知能を得た故か、或いは心を得た業なのか。
「あれ、泣いてんの? そういうカッコしてるお前が悪いんじゃん」
「そーそー! そんなカッコしてたらさあ? ヤってくださいって誘っているよーなもんじゃね?」
愉快そうなケダモノたちの鳴き声。斗亜は必死に抗うが、全ては後の祭り。
布きれで身を隠す程度では、彼らの劣情を煽るばかりだった。
(どうして……)
(私は……)
抵抗するための力がなかった。
何故力がないのだろうと斗亜は不思議に思った。
――日常は壊されているのだ、だから。
再構築するために力がいる。
(……なんで私……)
考えれば容易に辿り着く答えだったのに。まだ、斗亜の世界は戻って来ていなかった。
戻ってきたと錯覚していたのは斗亜の落ち度だった。
(奪われたら……奪い返さなくちゃ……)
歩むべき道は複数に分かれていたが、その瞬間斗亜の目の前にあったのは一本の道だけだった。

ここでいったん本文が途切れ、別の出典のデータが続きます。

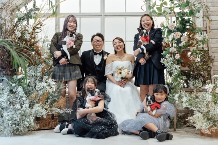 ペットフォトはロケーション撮影、スタジオ撮影どちらでも撮影可能です。ペットとの可愛らしいポージングを交えた写真などきゅんとするウェディングフォトをお届けいたします。
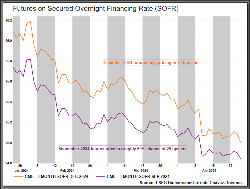 市场定价显示,美联储预计将在9月份首次降息,而几周前才预期6月份开始降息,预计今年的降息幅度将略高于30个基点。

果てない暗黒の海を漂う中で、目印となる灯台を見つけたようなひらめきだった。
(こいつらを……)
武器はない。力もない。
斗亜はあまりにも非力な存在だった。
ソレジャア、イッキマース
脱グノ早スギダロ
待テヨ――俺ガ先ダロ
声は近づき。
事は進んでいき。
しかし斗亜は既に恐ろしいとは思っていなかった。
心に宿るのはただ、憎悪。
憎しみの渦が、斗亜を憮然とその場に留まらせていた。
害獣を、駆除せねば――殺意にぎらつく瞳が、ケダモノの目を捉えた。
(コロサナクチャ……)
そう思った瞬間だった。
「――とぉう!」
真っ暗闇に落ちかけた視界に、何かが迸った。
青白い稲光――斗亜に手を伸ばした男の首筋で断続的に発生していた。
男の体がびくり、と痙攣してそれから横に倒れた。陸に打ちあげられた魚のように、未だにびく、びく、と小刻みに震えている。
突然のことで背後のふたりも動揺し、衣服にかけていた手を止めていた。
「……あ? 赤雷?」
「……う、うぁ……あ……」
「お仕置きだヨ!」
そう言って仁王立ちしているのは――スタンガンを手にしたハロウィンだった。